No esporte de alto rendimento isso é importante, sobretudo para as 
modalidades que necessitam do metabolismo anaeróbio durante uma prova intensa, 
cíclica e de certa duração, como as provas de 400-800 m rasos no atletismo, 100-
200 m na natação, 500 m na canoagem e 1 km no ciclismo de pista, modalidades de 
resistência de curta duração (RCD). Elas se desenvolvem em uma velocidade intensa, 
em um tempo compreendido entre 35 s até 2 min, mas também podem ocorrer em 
provas de maior duração (2 a 6 min), como as modalidades que se desenvolvem 
 
65 
 
 
 
 
dentro do conceito de resistência de média duração (RDM), com a finalidade de 
manter uma velocidade adequada e terminar de forma estável durante uma faixa de 
tempo determinado (45 s a 2 min).
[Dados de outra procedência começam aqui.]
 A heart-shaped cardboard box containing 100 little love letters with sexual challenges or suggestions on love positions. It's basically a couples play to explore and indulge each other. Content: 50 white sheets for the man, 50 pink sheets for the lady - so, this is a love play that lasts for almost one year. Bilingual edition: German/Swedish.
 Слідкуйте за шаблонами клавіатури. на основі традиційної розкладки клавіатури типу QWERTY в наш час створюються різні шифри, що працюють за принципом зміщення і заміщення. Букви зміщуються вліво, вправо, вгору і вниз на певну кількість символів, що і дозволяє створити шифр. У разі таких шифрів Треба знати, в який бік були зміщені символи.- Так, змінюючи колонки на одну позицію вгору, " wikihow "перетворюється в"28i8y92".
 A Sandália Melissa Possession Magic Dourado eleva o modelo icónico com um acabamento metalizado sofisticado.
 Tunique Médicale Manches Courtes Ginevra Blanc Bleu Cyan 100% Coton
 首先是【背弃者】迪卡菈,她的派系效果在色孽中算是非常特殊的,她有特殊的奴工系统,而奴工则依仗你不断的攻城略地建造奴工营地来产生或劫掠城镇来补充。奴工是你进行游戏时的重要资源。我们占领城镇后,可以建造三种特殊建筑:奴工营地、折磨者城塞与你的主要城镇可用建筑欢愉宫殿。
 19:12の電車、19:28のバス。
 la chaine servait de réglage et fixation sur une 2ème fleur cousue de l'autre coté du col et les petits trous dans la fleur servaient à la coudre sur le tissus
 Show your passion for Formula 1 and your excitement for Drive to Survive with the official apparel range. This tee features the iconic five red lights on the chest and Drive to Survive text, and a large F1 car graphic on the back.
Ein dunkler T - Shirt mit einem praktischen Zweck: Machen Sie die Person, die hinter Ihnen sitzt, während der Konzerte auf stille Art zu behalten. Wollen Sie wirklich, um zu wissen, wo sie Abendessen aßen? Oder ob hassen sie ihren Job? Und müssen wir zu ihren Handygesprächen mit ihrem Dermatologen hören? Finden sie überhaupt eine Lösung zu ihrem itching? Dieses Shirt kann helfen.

Isso pode ocorrer em modalidades como os 1.500 
m no atletismo, os 400 m na natação, os 1.000 m na canoagem, entre outros. Para 
obter um MLSS ideal, é necessário possuir potência e capacidade glicolítica 
adequadas e tolerância ao lactato e à acidez. 
13.16 Alto rendimento em provas supra máximas de carga constante 
Esse comportamento, pode ser explicado por fatores relacionados com as 
qualidades anaeróbias, como, por exemplo, um aumento de: Velocidade da glicólise; 
Depósitos musculares de fosfocreatina; Capacidade de tamponamento muscular; 
Capacidade de tamponamento sanguíneo; Capacidade de transporte de lactato para 
o espaço extracelular, graças ao aumento da concentração da proteína transportadora 
de lactato do sarcolema. 
Porém, também é explicável por fatores alheios ao metabolismo anaeróbio, 
como: Aumento do VO2máx; Deslocamento da cinética do VO2 para a esquerda; 
Melhoria da eficiência mecânica; Maior motivação.